Although Lynch has commented that “it would be virtually impossible to deliver [Eraserhead] to an audience” nowadays because “all the truly experimental work is taking place on video in art galleries” (6), the film has nonetheless remained relevant owing to its influential and innovative treatment of familiar subjects, brought together in an absurd and surreal amalgamation that challenges viewers’ expectations and sensibilities regarding narrative and visual form.
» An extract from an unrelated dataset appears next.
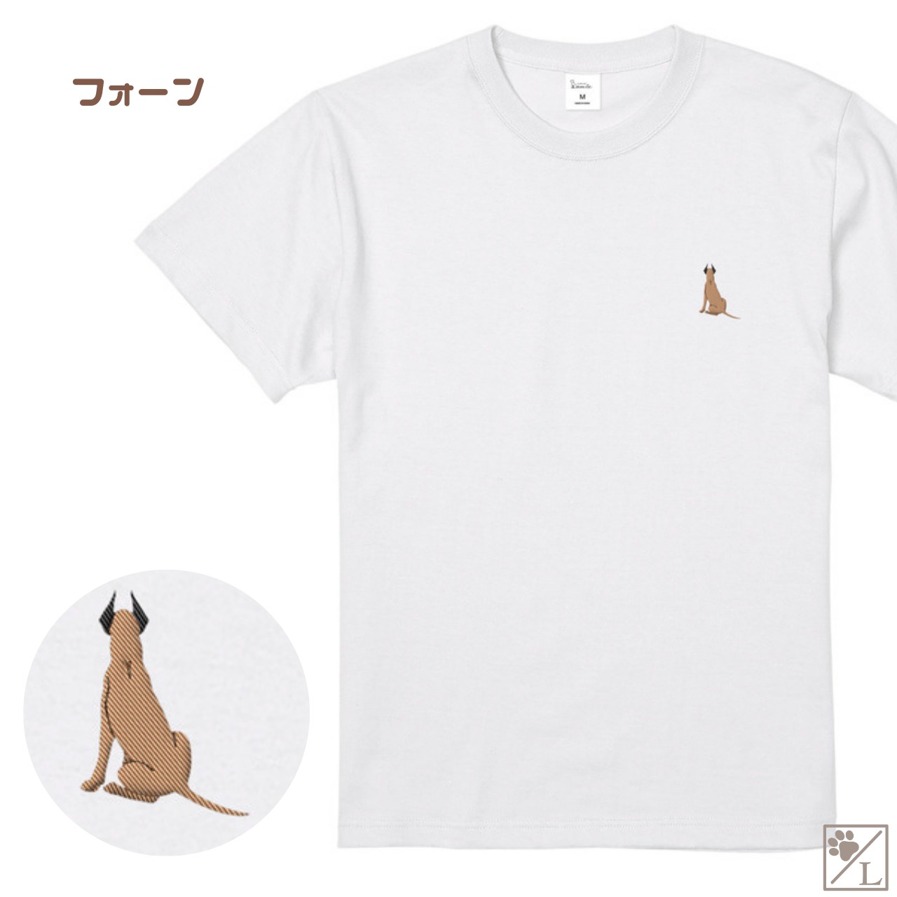 【グレートデーン】おすわり犬の後ろ姿 刺繍ワンポイントTシャツ|ユニセックス|オリジナルデザイン
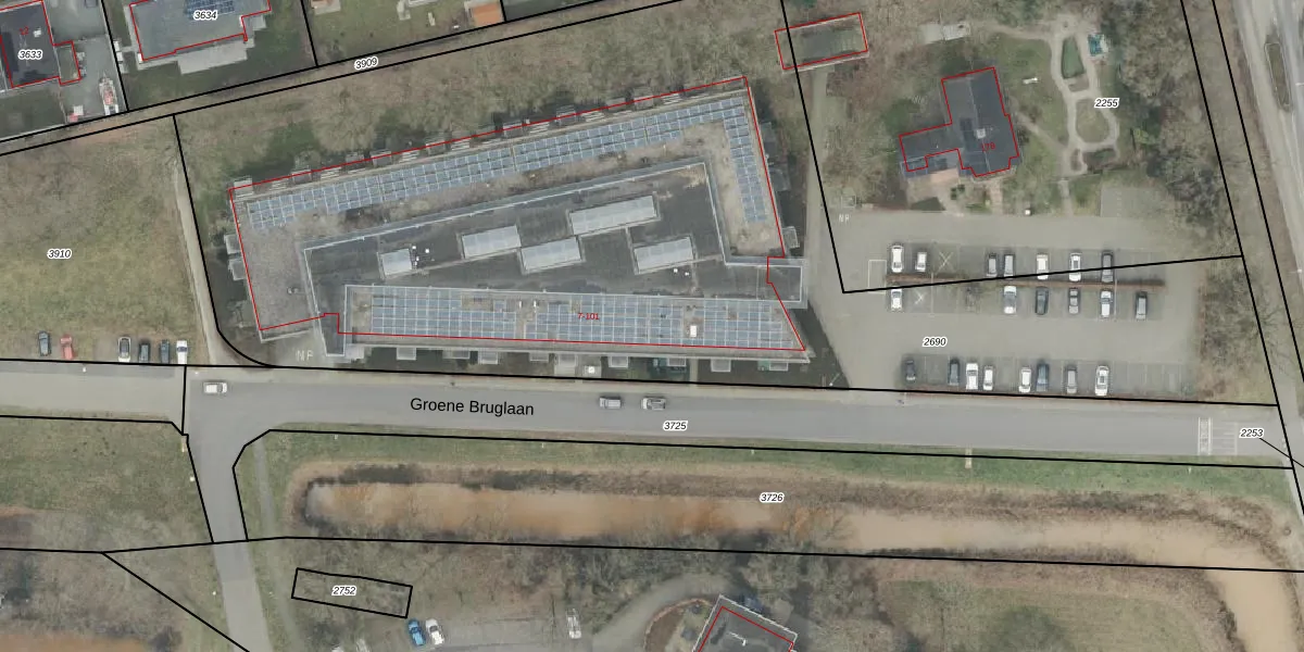 Het perceel waarop Groene Bruglaan 31 staat heeft een oppervlakte van 6100 m². Dit is een zeer groot perceel. De perceeloppervlakte wordt geregistreerd door het Kadaster. Gedetailleerde informatie over de maten van dit perceel kunt u vinden in het rapport Kadastrale kaart met maatvoering van Groene Bruglaan 31.

An important example of innovative and daring filmmaking, Eraserhead remains brilliant to some, indecipherable to others, and always, it seems, provocative.

Endnotes

  1. This oft-cited description, the subtitle of Lynch’s original script, was the tagline used to promote the film upon its release.
  2. Critical writing on Eraserhead tends to emphasise psychological and psychoanalytic elements; see, for example, K. George Godwin’s review in Film Quarterly vol. 39, no. 1, Autumn 1985, pp. 37-43; the general discussion in Kenneth C. Kaleta, David Lynch, Twayne, New York, 1993, pp. 29-39; and the critical analysis by Martha P. Nochimson in The Passion of David Lynch, University of Texas Press, Austin, 1997, pp. 151-172.
  3. Cited by David Hughes, The Complete Lynch, Virgin Publishing, London, 2001, p. 19, referencing an interview originally conducted by Time magazine. On the film’s notorious production history, see K. George Godwin, “Eraserhead: The Story behind the Strangest Film Ever Made, and the Cinematic Genius who Directed it”, Cinefantastique vol. 14, no. 5, September 1984, pp. 41-72.
  4. Cited by Hughes, p. 29; Hughes also provides a synopsis of original Eraserhead reviews.
  5. Reviews of the remastered DVD have been quite positive; the current listings on the review-compilation page of Rotten Tomatoes, for instance, include 22 reviews, with a 100% “fresh” rating (though these 22 do not include first-tier review sources such as The New York Times or The New Yorker, for instance).
  6. Interview with David Lynch by Chris Rodley, Lynch on Lynch, Faber and Faber, London, 1997, p. 84.

About The Author

Catherine S. Cox is Professor of English at the University of Pittsburgh’s Johnstown campus, Pennsylvania, USA.